In Nahanni National Park Reserve
, Cody stayed at a lodge built by the descendents of the tribe who’ve called the location home for centuries and climbed their sacred mountain, learning a few timeless lessons along the way. This post is part of Matador’s partnership with Canada, where journalists show how to explore Canada like a local
The signs on the land are a reminder of the teachings of the legends. If we remember and live them, if we take the signs set on the land for us as our symbols, we will survive as a nation.
- “Denendeh, A Dene Celebration”
ALL THE OLD STORIES AND LEGENDS begin when the earth was young and mankind was bound to the land. In the far north of the world, where compasses spin and lights dance in the sky, the old legends are still told by the Dené people, continuing the ancestral teachings of living in harmony with the land, for it’s known in the north that only those who live in this way can survive in one of the most demanding environments on earth.
Dené is the Athabaskan word that loosely means “people” and literally breaks down into the two words De meaning “flow” and Ne meaning “Mother Earth.” The Dené people today are a group of several tribes who call the north home. While each regional group has its own language and customs, all share a common ancestry, and the region they inhabit in the Northwest Territories of Canada has always been known as Denendeh, which means “the creator’s spirit flows through this land.”
Spending time in Denendeh, the power and energy of the land is difficult to ignore, as each river, lake, and mountain has its own spirit, and each has a legend to remind the Dené who they are and why they are there. The people who call this rugged and inhospitable land home are taught to respect and honor the land and their ancestors above all else. Ricky Tsetso, a good-natured Dené guide with a quick laugh and easy smile, explained it to me simply when he said, “There is no separation between us and the land. We are the land. The lakes and rivers are our blood, the mountains our bones, and the animals we share the land with are our cousins.”
I heard many of the old stories and legends sitting with Ricky late at night around a fire while the endless northern twilight lingered into the early morning hours…. The mountain we had climbed earlier that day was the home of many ancestors, and when the light hits its flank just right the faces and skulls of those ancestors can bee seen in the rocks. The eagle that had stoically watched us land our small boat at the foot of the mountain was there to make sure our intentions were pure and we meant no harm. The wild blueberries we had feasted on during our climb were a gift from the ancestors to all the creatures that inhabit the land.

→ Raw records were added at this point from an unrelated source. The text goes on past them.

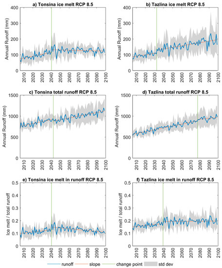 Trends in runoff from glacier ice melt (a,b), total runoff (c,d), and the ratio of ice melt to total runoff in two glacier-fed tributaries in the Chugach Mountains: the Tonsina River gage (left column) and the Tazlina River gage (right column). Results displayed are based on RCP 8.5 five-model mean (MM85), with the standard deviation of individual CMIP5 models shown in gray. In scenario RCP 4.5 (not shown) ice melt from both glaciers stops increasing in mid-Century.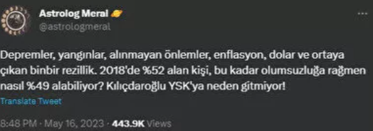 Mert Kök (Astrolog Meral): 2018’de yüzde 52 alan bir kişi, bu kadar olumsuzluğa rağmen nasıl yüzde 49 oy alabiliyor? Kılıçdaroğlu YSK’ya neden gitmiyor?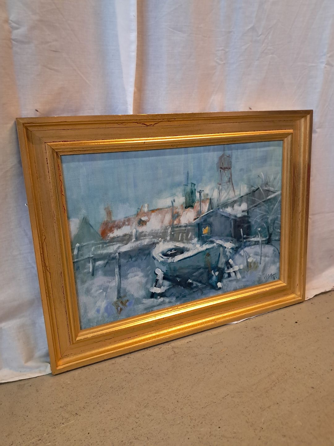 Maleri af Dragør Havn i guldmalet ramme, af : Mogens Amdi Thorsen (1924-2016) Det har brugsspor. Højde 46cm Bredde 61cm Emne nummer: 77330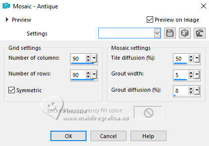 6. Effects>Texture Effects>Mosaic Antique.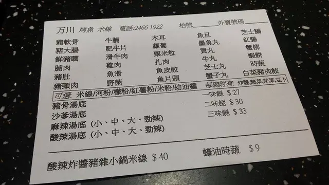 萬川 烤魚米線 (大角咀) 網址: https://s.openrice.com/QrbS01Ru200 地址: 香港大角咀海庭道8號富榮花園第8座地下08號舖
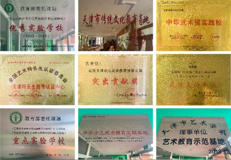 荣获教育部委托课题优秀实验学校、重点实验学校,天津市传统文化教育基地,天津市艺术协会理事单位艺术教育示范基地,国家海洋博物馆共建学校……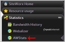 2. Under "SiteWorx Menu", click the "Statistics" menu item if it is not already open.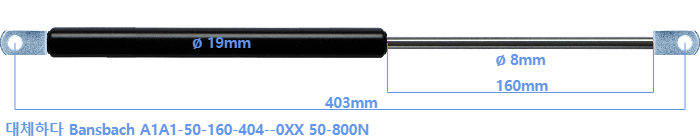 Bansbach A1A1-50-160-404--0XX 50-800 뉴턴 의 대체 가스스프링. 아일렛의 두께는 10mm이고 구멍 직경은 8.1mm입니다. 브랜드: HAHN, 스타빌루스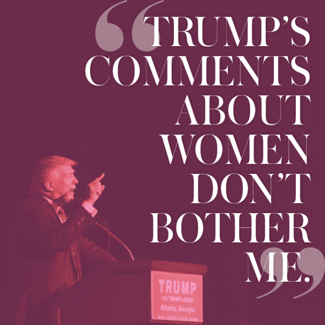 So we decided to ask some. Especially in the midst of polls showing Hillary Clinton beating Trump by a narrow margin with women (54% currently plan to vote for HRC), we felt the need to understand the mind-sets of ladies—especially young ones—who aren’t bothered by what many people consider to be Trump’s displays of egregious sexism and flagrant bigotry.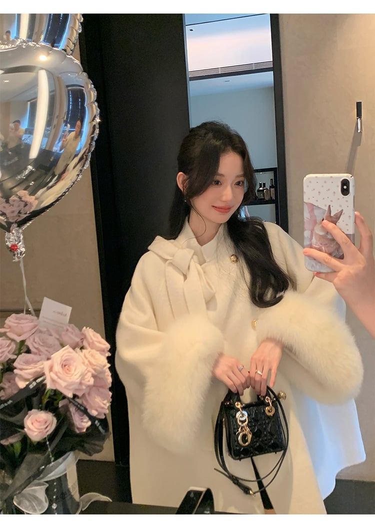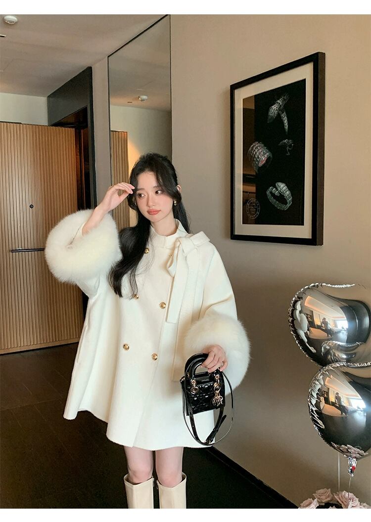 【予約販売】韓国デザイン リアルファー 毛皮マントコート ケープ フォックス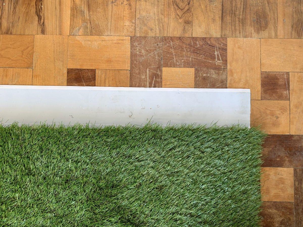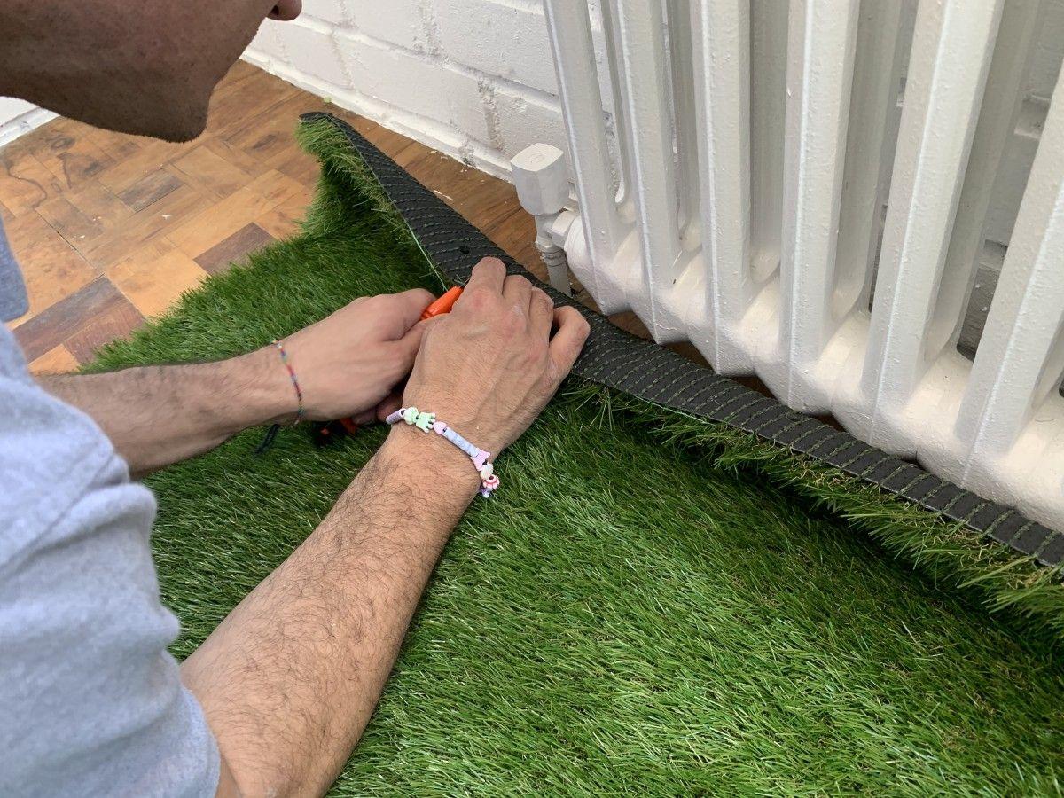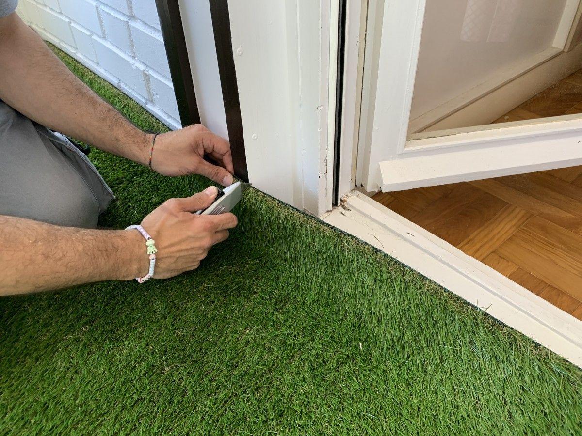 Lleva el césped hasta el primer extremo y con un cúter, haz los cortes necesarios para que se adapte a las formas del espacio. Si te suelo es completamente liso, sin radiadores, ni cambios de dirección en el zócalo, no tendrás que hacer este paso.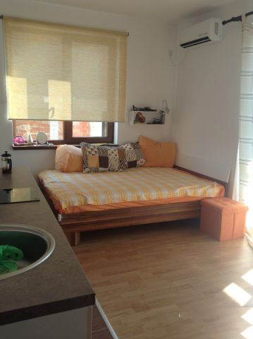 Продается просторная меблированная студия в новой части города Несебр – ж.к. „Черное море”. Студия расположена в новом здании на 3-ем этаже, всего в 300 метрах от моря. Она имеет общую площадь 36 кв.м и состоит из большой комнаты с кухонным уголком, ванной комнаты, прихожей и балкона. Студия исключительно тихая и полностью обставленная – включая бытовую технику – кондиционер, холодильник. Здании имеет Акт 16, без годовой таксы за обслуживание. Подходит как для отдыха, так и для постоянного проживания. Без комиссии с покупателя!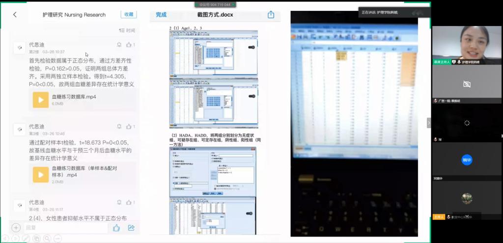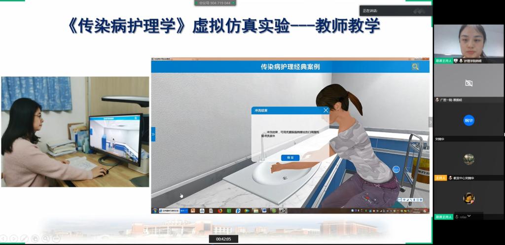 韩老师展示了护理学院积极利用护理学类虚拟仿真实验项目,进行线上实验操作,培养学生临床思维与实践能力;与临床学院紧密合作,多途径培养护理学院学生临床思维和解决复杂问题的实践能力;通过调查问卷做好学情分析,紧贴专业特点,开展线上讨论课、见习课、实习与毕业论文、护士执业资格考试在线备考,逐步培养学生科研思维及实践能力。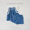 Verano 2025 nuevo traje de niña moda cuello bordado solapa de encaje moderno bebé niña lindo conjunto de dos piezas lote
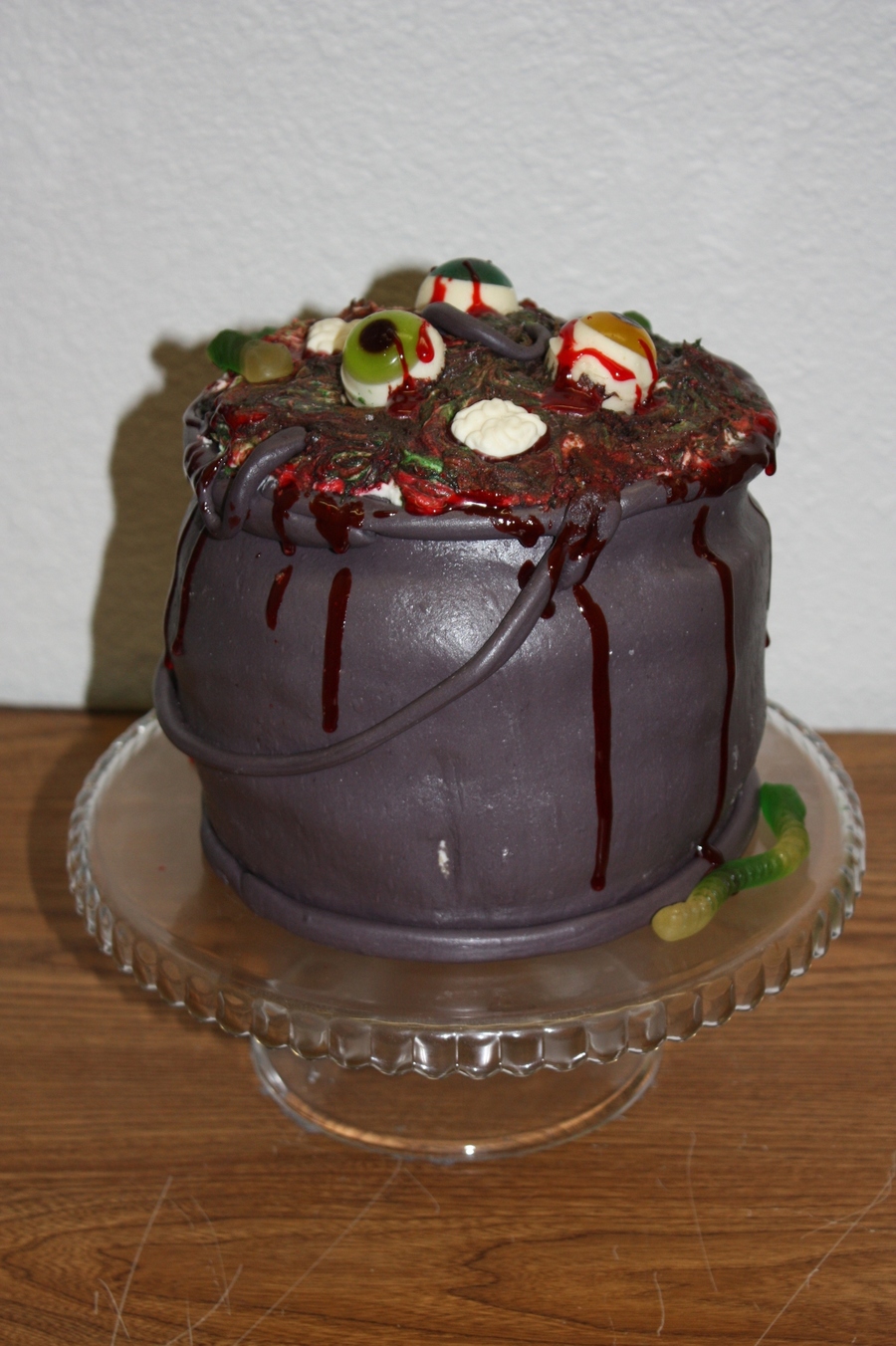 Witches cauldron with bloody eyeballs, rats tails and brains. Ewwww. Really gummy eyeballs and brains, fondant rat tail and piping gel for blood.

Over a cold Molson while night twilight turned back into sunlight, Ricky explained that the Dené believed the creator first created the land and then the animals, and later on, when people were created, they were the weakest of all the creatures and would have to depend on everyone and everything for survival. He explained how this dependence has taught the Dené respect and humility towards the land.
Clii Mountain from the far shore of Clii Lake. This was shot just before midnight as the muted sunset spread out to the horizon and the long twilight hours began.
Northwest Territories license plate...probably one of the coolest I've ever seen. "Spectacular" is an often-used term to describe the landscape and environment up here.
Late summer wildflowers are everywhere in July and August. I never heard the legend behind these flowers, but I'm sure there is one...
Lichen on the forest floor near Virginia (Nailicho) Falls. Lichen such as this is one of the hardiest plants on earth. Slow growing and able to survive the harshest of temperatures, it is a staple for the caribou herds during the long winters.
Looking down the Nahanni River from the cliff edge at Nailicho, which means "big water" in Athabaskan.
Across the lake
Clii Mountain, from the longtime village site on Clii Lake. The site is now occupied by a beautiful lodge built by the descendents of the tribe that has called the lake home for countless generations. If you look closely at the base of the big cliff just above the water, a large skull of the ancestors can be seen.
A large bald eagle, known to the Dené as det’anichok, watched from his perch as we landed our small boat at the base of Clii Mountain to begin our climb. I’ve never felt so closely watched, and the eagle soared overhead during our entire climb.
Wild blueberries covered the summit of Clii Mountain.
Bryce throws horseshoes at 10 o'clock as the sun is just beginning to set on Clii Mountain.
The Northern Nahanni Naturalist Lodge
was built by hand from locally harvested logs by the Clii family, whose ancestors have called this exact location home for generation upon generation. It was a real treat to be able to spend time in such a beautiful and powerful place. The reverence of the land that Ricky so adamantly teaches to Bryce will stick with me for a long time.
Bryce Phillips, an 11-year-old Dené, wades through the thick brush on Clii Mountain, sacred home of many ancestors. On this day, Bryce became the youngest to ever climb the mountain.
Ricky Tsetso is a Dené guide and lifelong resident of the area. His knowledge of the local territory is only surpassed by his ability to tell stories about the land and its people.
From the top
Bryce takes in the view of Denendeh from the top of Clii Mountain. He has spent countless hours in the shadow of the mountain, gazing at his ancestors' faces in the rocks, and it was amazing to see his reverence for the place.